Länder entsenden nach wie vor DiplomatInnen. Jedoch spielen seit einigen Jahren Kulturbotschafter eine sukzessiv wichtigere Rolle, die entscheidend zum Bild einer Gesellschaft in anderen Ländern beitragen. Sie zählen zu den sogenannten »weichen Faktoren«, die die Attraktivität und Glaubwürdigkeit politischer und kultureller Werte auf die Stellung von Staaten bzw. Regierungen in den internationalen Beziehungen beeinflussen. Die Rolle dieser »weichen Faktoren« wurde in der Vergangenheit von der westlichen Politikwissenschaft gerne unterschätzt. Stattdessen meinte man, Macht alleine an materialistischen, »harten Faktoren«, wie militärischer Stärke oder Wirtschaftskraft festmachen zu können.

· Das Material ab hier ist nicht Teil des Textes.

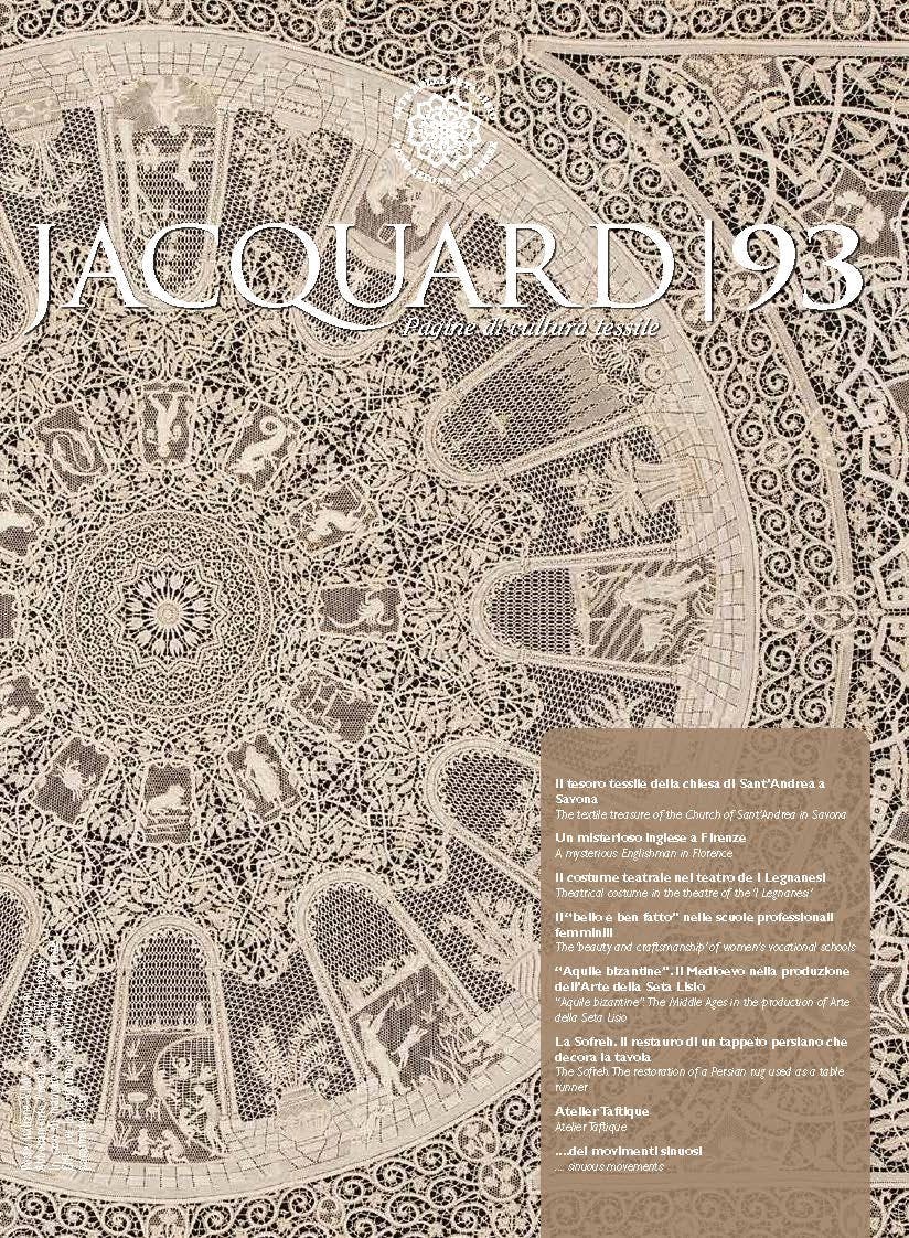 The first issue of 2024 opens with an article about the textile heritage of Sant’Andrea in Savona, a comprehensive collection of great value with important articles dating from the 17th to the 20th century. This is followed by an in-depth look into the ‘enigmatic’ fragment of a tapestry that is part of a private collection depicting Susanna surprised at her bath by the Elders, from the last decade of the 16th century. From tapestries, we switch our attention to the world of women’s vocational schools, focusing on their role in “disseminating and passing on knowledge and technical skills “, especially in the lace industry.
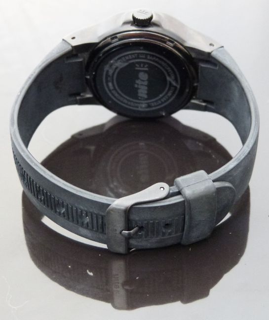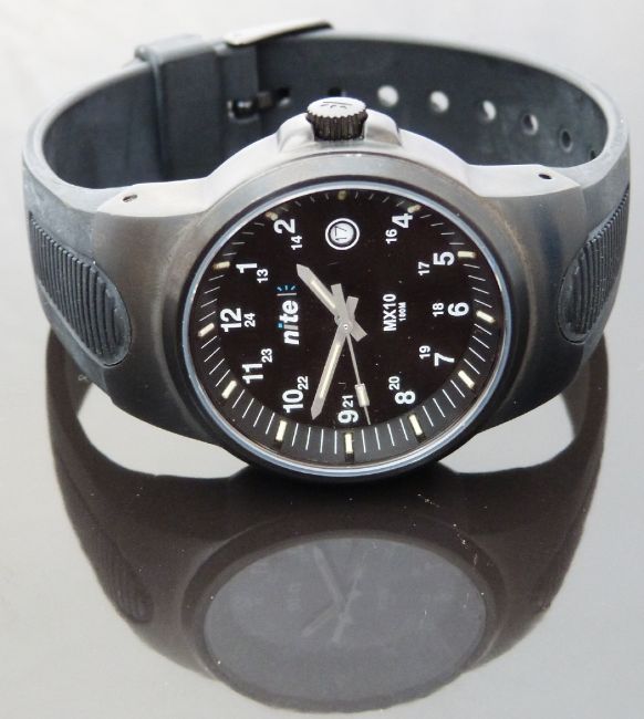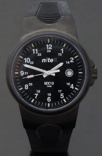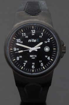 Nite MX10 gentleman's military style wristwatch with date aperture, luminous hands and markers, Arabic numerals, black stainless steel case and quartz movement, on black rubber strap, case diameter 39mm.

Auch der »Public Diplomacy« wird eine immer größere Bedeutung zugesprochen. Im Gegensatz zur klassischen Diplomatie, das heißt der Führung internationaler Beziehungen auf der Ebene staatlicher Institutionen, richtet sich die Public Diplomacy an die allgemeine Öffentlichkeit jenseits des eigenen Staatsgebiets. Durch diese Ausrichtung erlangen auch die vielen nichtstaatlichen Akteure (wie NGOs, Kultur- und Wissenschaftseinrichtungen), die über die Grenzen ihres Heimatlandes hinaus wirken und die große Bevölkerungsteile häufig besser erreichen als die verhältnismäßig kleine Zahl der Berufsdiplomaten, einen höheren Stellenwert. Gleichzeitig haben sich durch die digitale Revolution die Möglichkeiten vervielfacht, dass einzelne oder Gruppen von Kulturschaffenden, WissenschaftlerInnen oder JournalistInnen und andere nichtstaatliche Akteure sich auch ohne die Unterstützung institutioneller oder bürokratischer Strukturen global vernetzen und Debatten beeinflussen können.

Das Internet gestattet eine Partizipation der BürgerInnen jenseits von Regierungsgesprächen und Cocktailpartys, zu denen sie normalerweise keinen Zugang haben. Gleichzeitig bietet es staatlichen RepräsentantInnen neue Möglichkeiten, mit Menschen in anderen Ländern Kontakt aufzunehmen. So haben zum Beispiel die US-amerikanische und die britische Regierung soziale Medien bereits zu einem wichtigen Bestandteil ihrer außenpolitischen Kommunikation gemacht. Daneben eröffnet das Internet auch für Staaten mit geringeren technischen und finanziellen Ressourcen zahlreiche Chancen. Durch die neuen Medien haben heute mehr Menschen als je zuvor Zugang zu (regierungs-)kritischen Informationen und öffentlichen Debatten. Phänomene wie der »Arabische Frühling« erlangen ihre Brisanz nicht zuletzt durch die Echtzeit-Kommunikation beteiligter ProtagonistInnen über die Grenzen von Nationalstaaten und Sprachgemeinschaften hinaus. Versuche, soziale Medien als schlichte PR-Maschinen staatlicher Institutionen zu instrumentalisieren, erscheinen von diesem Hintergrund langfristig wenig erfolgversprechend.

Diese Überlegungen machen deutlich, dass das Internet und insbesondere das Web 2.0 die globale diplomatische Bühne grundlegend verändern. Regierungen können den Informationsfluss nur noch bedingt kontrollieren und bewegen sich in ihrem ehemaligen »Hoheitsbereich« nun in einem unüberschaubaren Netz von Akteuren. Die Globalisierung und der technische Fortschritt bewirken, dass Diplomatie heute bedeutet, eine aufgrund wachsender Komplexität zunehmend in einzelne Fachbereiche aufgesplitterte Lebenswirklichkeit im jeweiligen Gastland zu repräsentieren. Die Internationalisierung der Fachpolitiken führt dazu, dass Auslandsvertretungen immer mehr zum Knotenpunkt werden, die ein filigranes Netzwerk von staatlichen und nichtstaatlichen FachvertreterInnen im Ausland zusammenbringen und orchestrieren müssen – ohne dabei den Anspruch oder auch nur die Kapazitäten zu haben, die Interessen des Entsendestaates exklusiv zu repräsentieren bzw. in allen Diskursen selbst immer führender Experte zu sein.